◆ **Exercise prompt**: If a record holds a picture, drop the picture and repeat everything else word for word.

◆ **Entries provided**:

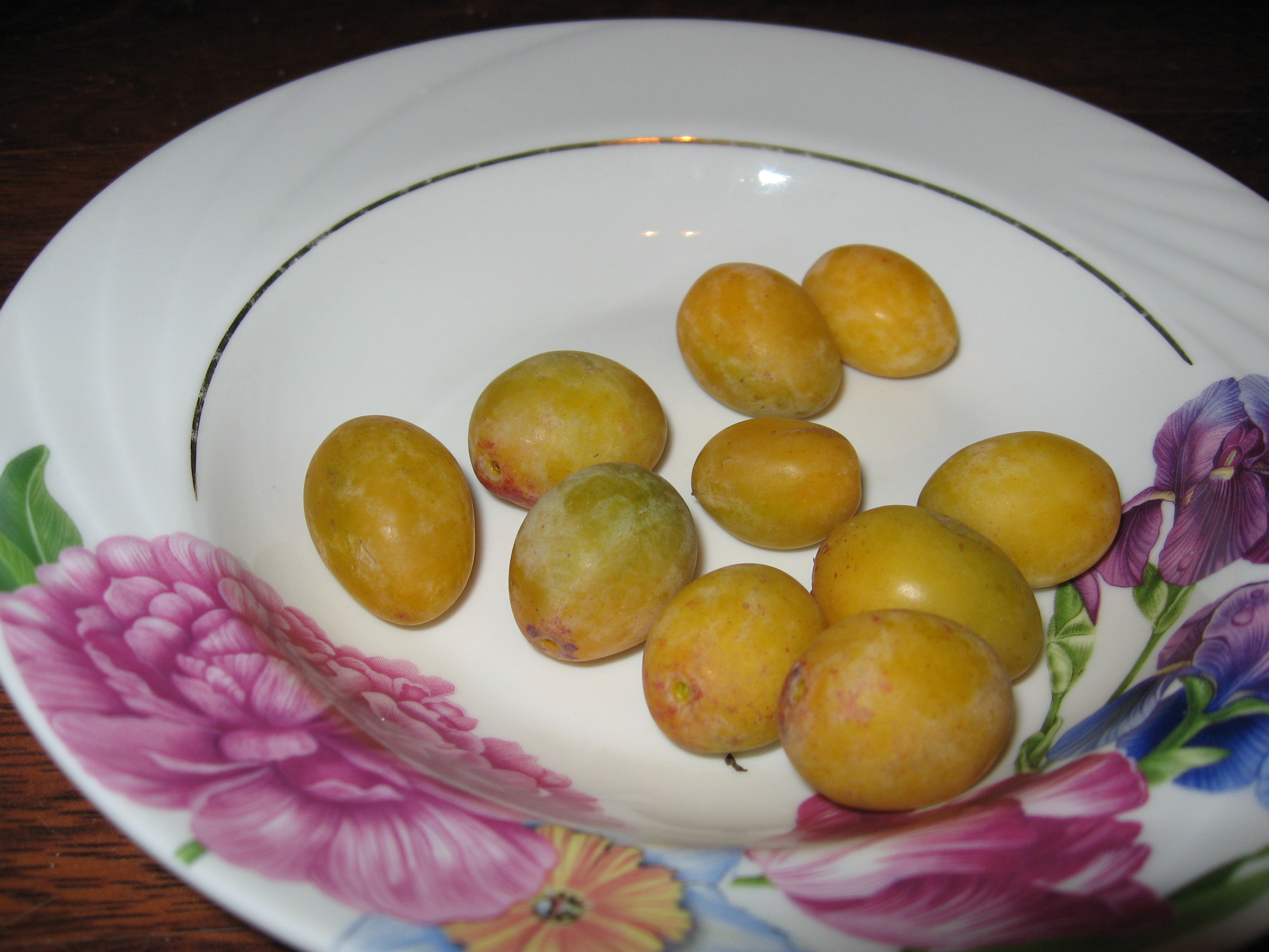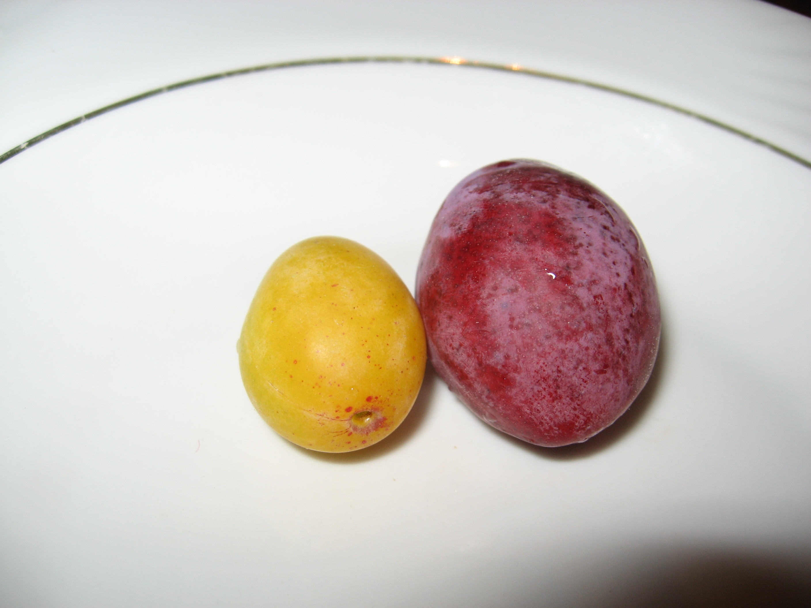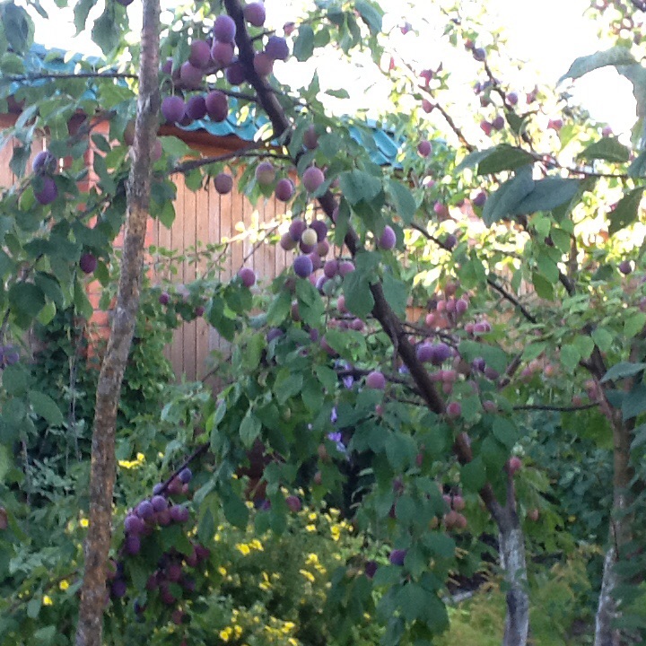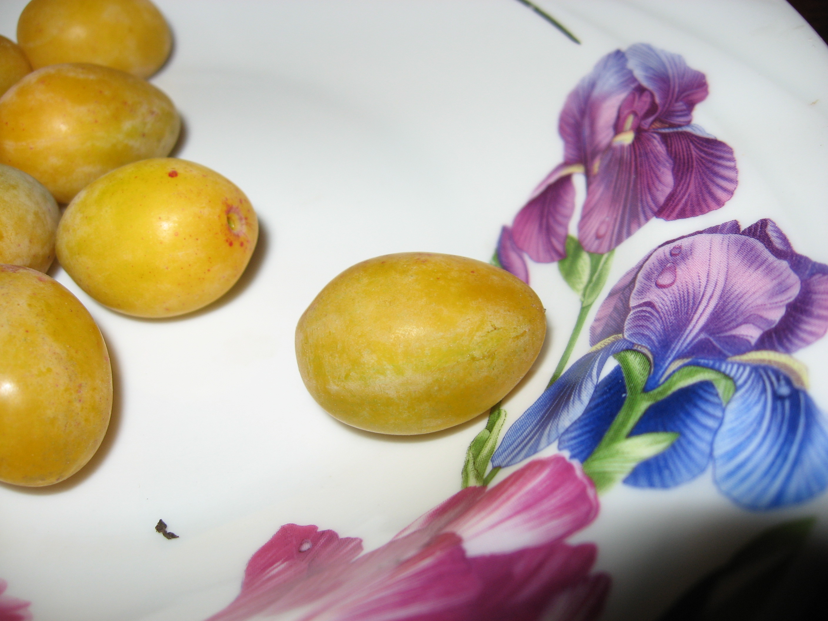 Товарищи, достались от прежнего владельца несколько сливовых деревьев, среди прочих - три дерева буквально небывалой красоты, невысокие, ровные, с кроной в виде правильной чаши, каждый ярус уже нижнего. Никаких морозобоин или камедетечения - я даже думала, это терн, пока плодить не начали. Сливы некрупные, желтые, круглые, без шейки, вкус кисловато-сладкий, с цветочным ароматом. Я б сказала "с абрикосовым", но нескромно. Косточка отделяется плохо. Определите, пжт, сорт, если это возможно. Спасибо.
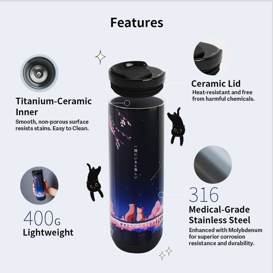 Modern 24oz Portable Bottle Ultra-Light Vacuum Flask Titanium SUS 316 Ceramic Coating Slim Body Stainless Steel Tumbler MARU
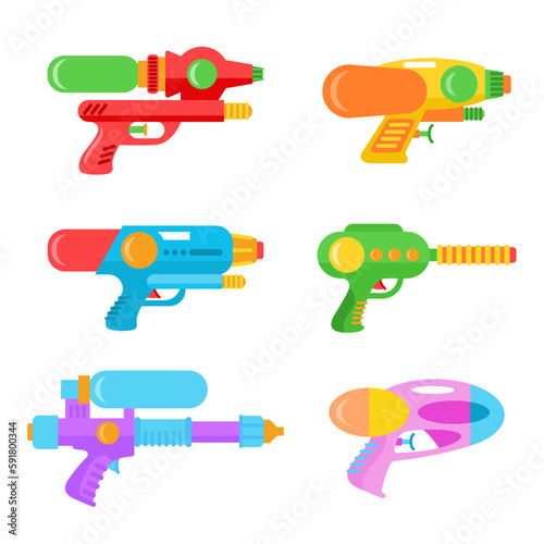 Vector set of colorful water guns for Songkran Festival Thailand Holidays, plastic toy guns pistols isolated on white background, flat design Illustration. Fun summer water splash game, play concept.
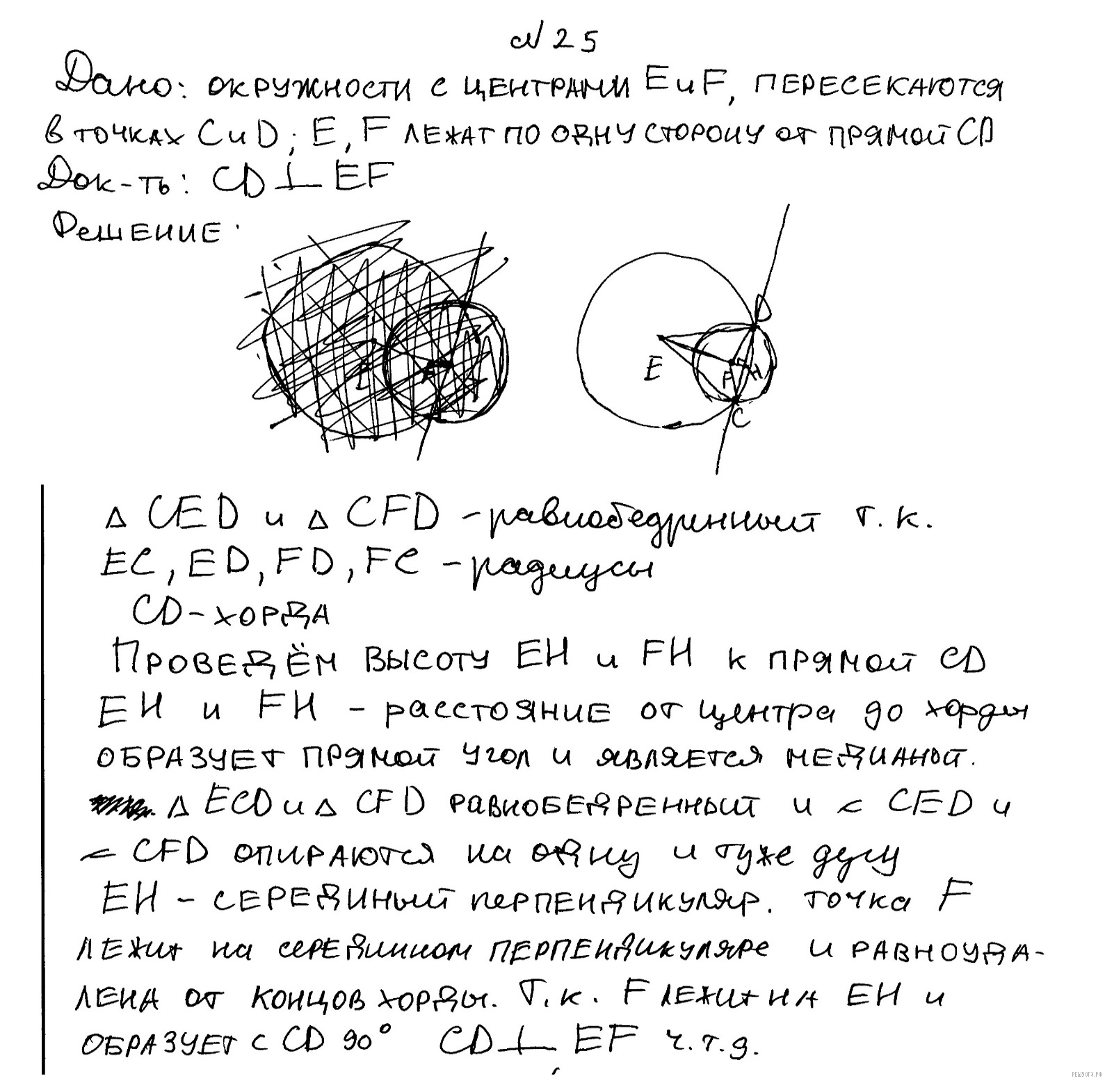 Две окружности с центрами E и F пересекаются в точках C и D, центры E и F лежат по одну сторону относительно прямой CD. Докажите, что прямая CD перпендикулярна прямой EF.
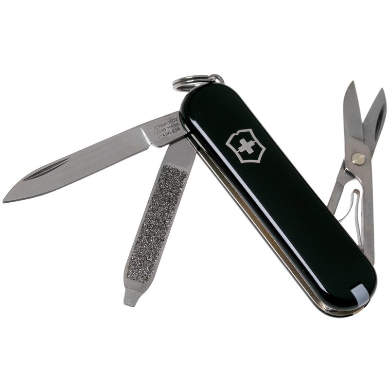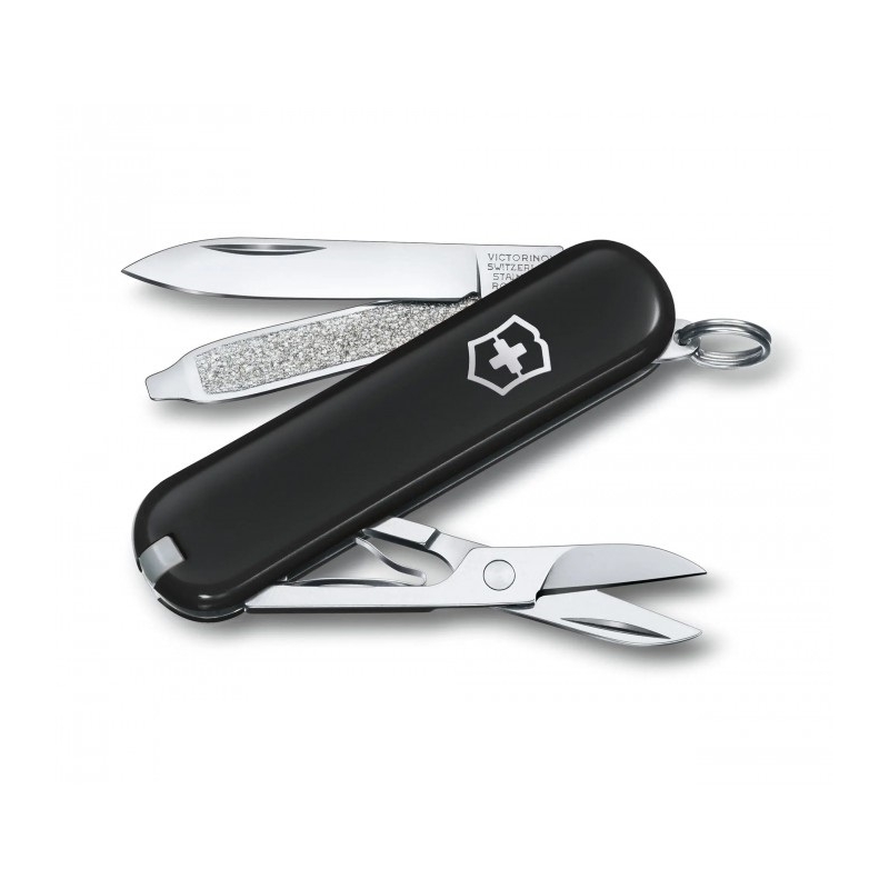 La Victorinox Classic es la navaja más famosa y pequeña de la marca suiza Victorinox. La Classic fue diseñada para combinar compacidad y versatilidad, con únicamente 58 mm (excl. el llavero) esta navaja es una de las más pequeñas de nuestra gama. Gracias a su tamaño compacto y a su bajo peso, esta navaja es fácil de llevar. Por ejemplo, en tu manojo de llaves gracias al anillo para llaveros.
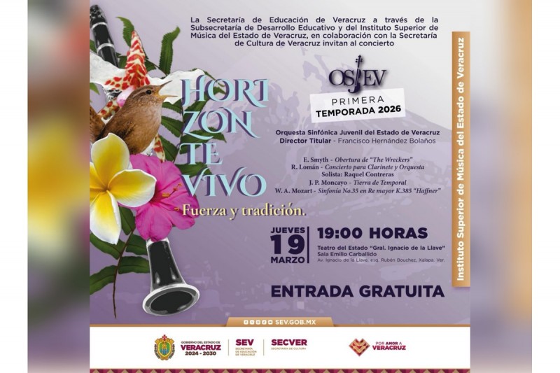La Secretaría de Educación de Veracruz, en colaboración con la Secretaría de Cultura de Veracruz, invitan al Primer Concierto de la Temporada 2026 de la Orquesta Sinfónica Juvenil del Estado de Veracruz (OSJEV), titulado Horizonte Vivo: Fuerza y Tradición, que se realizará el próximo jueves 19 de marzo a las 19:00 horas.
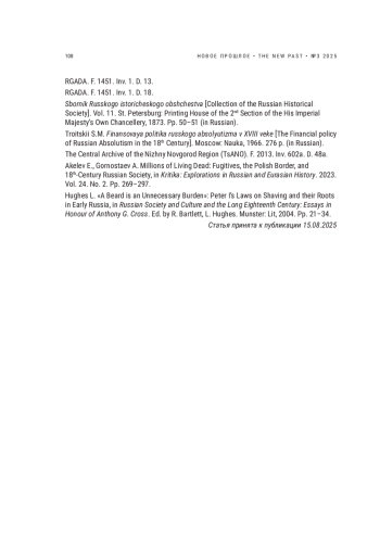 46. Akel’ev E.V. Russkii Misopogon: Petr I, bradobritie i desyat’ millionov «moskovitov» [The Russian Misopogon: Peter I, Beard Shaving, and Ten Million Muscovites]. Moscow: Novoe literaturnoe obozrenie, 2022. 624 p. (in Russian).
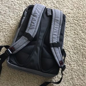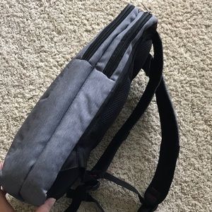 Something Strong Backpack. 3 pockets. Metal handle at top of Bag. Adjustable straps. Dimensions are 12” x 16” x 5”. Brand new! Smoke and pet free home.
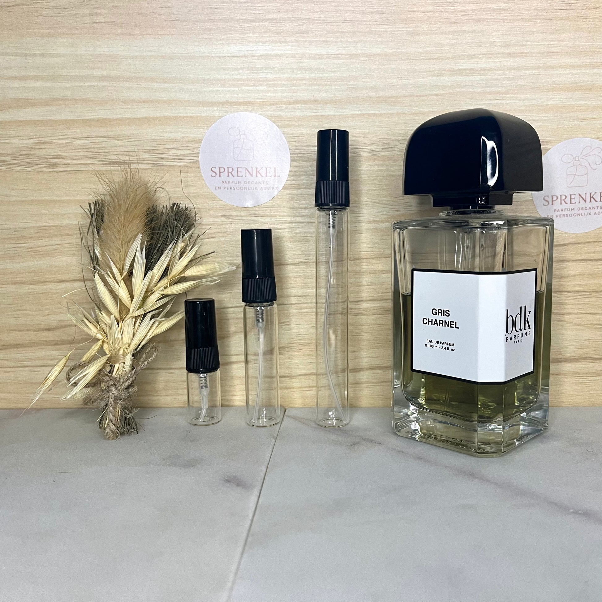 Wij bieden onze parfums uitsluitend aan in flesjes van 2 ml, 5 ml en 10 ml, allemaal voorzien van een handige verstuiver.
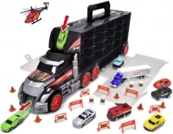 Veľký kamiónový kufrík s rukoväťou na jednoduché prenášanie ukrýva bohatú sadu na hranie – 7 kovových autíčok, nákladné auto a vrtuľník. Vďaka manuálnej vystreľovacej funkcii z kabíny môžu deti odštartovať pretek v priebehu sekundy. Robustné prevedenie a dĺžka 62 cm zaručujú množstvo zábavy aj praktické uloženie a organizáciu zbierky.

◆ **Solved problem**:
 Товарищи, достались от прежнего владельца несколько сливовых деревьев, среди прочих - три дерева буквально небывалой красоты, невысокие, ровные, с кроной в виде правильной чаши, каждый ярус уже нижнего. Никаких морозобоин или камедетечения - я даже думала, это терн, пока плодить не начали. Сливы некрупные, желтые, круглые, без шейки, вкус кисловато-сладкий, с цветочным ароматом. Я б сказала "с абрикосовым", но нескромно. Косточка отделяется плохо. Определите, пжт, сорт, если это возможно. Спасибо.
 Modern 24oz Portable Bottle Ultra-Light Vacuum Flask Titanium SUS 316 Ceramic Coating Slim Body Stainless Steel Tumbler MARU
 Vector set of colorful water guns for Songkran Festival Thailand Holidays, plastic toy guns pistols isolated on white background, flat design Illustration. Fun summer water splash game, play concept.
 Две окружности с центрами E и F пересекаются в точках C и D, центры E и F лежат по одну сторону относительно прямой CD. Докажите, что прямая CD перпендикулярна прямой EF.
 La Victorinox Classic es la navaja más famosa y pequeña de la marca suiza Victorinox. La Classic fue diseñada para combinar compacidad y versatilidad, con únicamente 58 mm (excl. el llavero) esta navaja es una de las más pequeñas de nuestra gama. Gracias a su tamaño compacto y a su bajo peso, esta navaja es fácil de llevar. Por ejemplo, en tu manojo de llaves gracias al anillo para llaveros.
La Secretaría de Educación de Veracruz, en colaboración con la Secretaría de Cultura de Veracruz, invitan al Primer Concierto de la Temporada 2026 de la Orquesta Sinfónica Juvenil del Estado de Veracruz (OSJEV), titulado Horizonte Vivo: Fuerza y Tradición, que se realizará el próximo jueves 19 de marzo a las 19:00 horas.
 46. Akel’ev E.V. Russkii Misopogon: Petr I, bradobritie i desyat’ millionov «moskovitov» [The Russian Misopogon: Peter I, Beard Shaving, and Ten Million Muscovites]. Moscow: Novoe literaturnoe obozrenie, 2022. 624 p. (in Russian).
 Something Strong Backpack. 3 pockets. Metal handle at top of Bag. Adjustable straps. Dimensions are 12” x 16” x 5”. Brand new! Smoke and pet free home.
 Wij bieden onze parfums uitsluitend aan in flesjes van 2 ml, 5 ml en 10 ml, allemaal voorzien van een handige verstuiver.
 Veľký kamiónový kufrík s rukoväťou na jednoduché prenášanie ukrýva bohatú sadu na hranie – 7 kovových autíčok, nákladné auto a vrtuľník. Vďaka manuálnej vystreľovacej funkcii z kabíny môžu deti odštartovať pretek v priebehu sekundy. Robustné prevedenie a dĺžka 62 cm zaručujú množstvo zábavy aj praktické uloženie a organizáciu zbierky.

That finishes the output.